Agence France-Presse
Battle rages at Gaza hospital as UN reports 'catastrophic' hunger
Palestinian children receive cooked food rations as part of a volunteer youth initiative in Rafah in the southern Gaza Strip, on March 5, 2024, amid widespread hunger in the besieged Palestinian territory as the conflict between Israel and the Palestinian militant group Hamas continues.
AFP / Mohammed Abed

PALESTINIAN TERRITORIES — Fighting raged Monday in and around the besieged Gaza Strip's largest hospital complex where Israel said its forces killed and arrested Hamas militants, as Palestinians fled by foot under heavy bombardment.

The United States separately said Israel had killed the deputy leader of Hamas's armed wing, making him the most senior militant killed inside the territory during the war.

While the raid at Gaza City's Al-Shifa hospital was underway, Israel sent its spy chief to Qatar for renewed truce talks and top ally the United States urged an "alternative" to a looming ground invasion of the southern city of Rafah.

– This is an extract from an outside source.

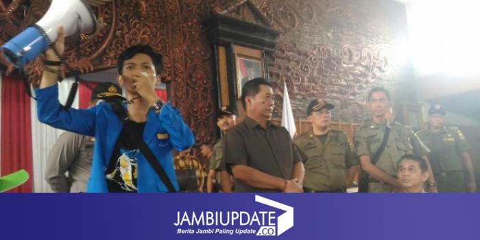 Masa unjuk rasa meminta Ketua DPRD Provinsi Jambi, Cornelis Buston menemui mereka untuk melakukan audiensi.

The devastating war since Hamas's October 7 attack on Israel has left roughly half of Gazans -- around 1.1 million people -- experiencing "catastrophic" hunger, a UN-backed food security assessment warned.

The expert report is "exhibit A for the need for an immediate humanitarian ceasefire", said United Nations Secretary-General Antonio Guterres, decrying an "entirely man-made disaster".

Gaza's soaring civilian death toll and large-scale destruction have hardened global opposition to Israel's military operation and siege, including accusations of deliberate starvation of Palestinian civilians.

Israeli Prime Minister Benjamin Netanyahu, however, has not softened his war objectives.

In a phone call with United States President Joe Biden, Netanyahu reiterated a commitment "to achieving all of the war's objectives" -- eliminating Hamas, freeing all hostages and "ensuring that Gaza will never present a threat to Israel", his office said.

European Union foreign policy chief Josep Borrell said Israel's military campaign had turned Gaza into the world's biggest "open-air graveyard", and that Israel was using famine as a "weapon of war".

Foreign Minister Israel Katz countered that "Israel allows extensive humanitarian aid into Gaza" and accused Borrell of "attacking Israel".

With tensions rising between Israel and the United States over the war's impact on civilians, Biden and Netanyahu spoke for the first time in over a month.

The White House said the two leaders discussed "efforts to surge humanitarian assistance to Gaza" and "the situation in Rafah", where about 1.5 million Palestinians are sheltering in crowded conditions near the Egyptian border.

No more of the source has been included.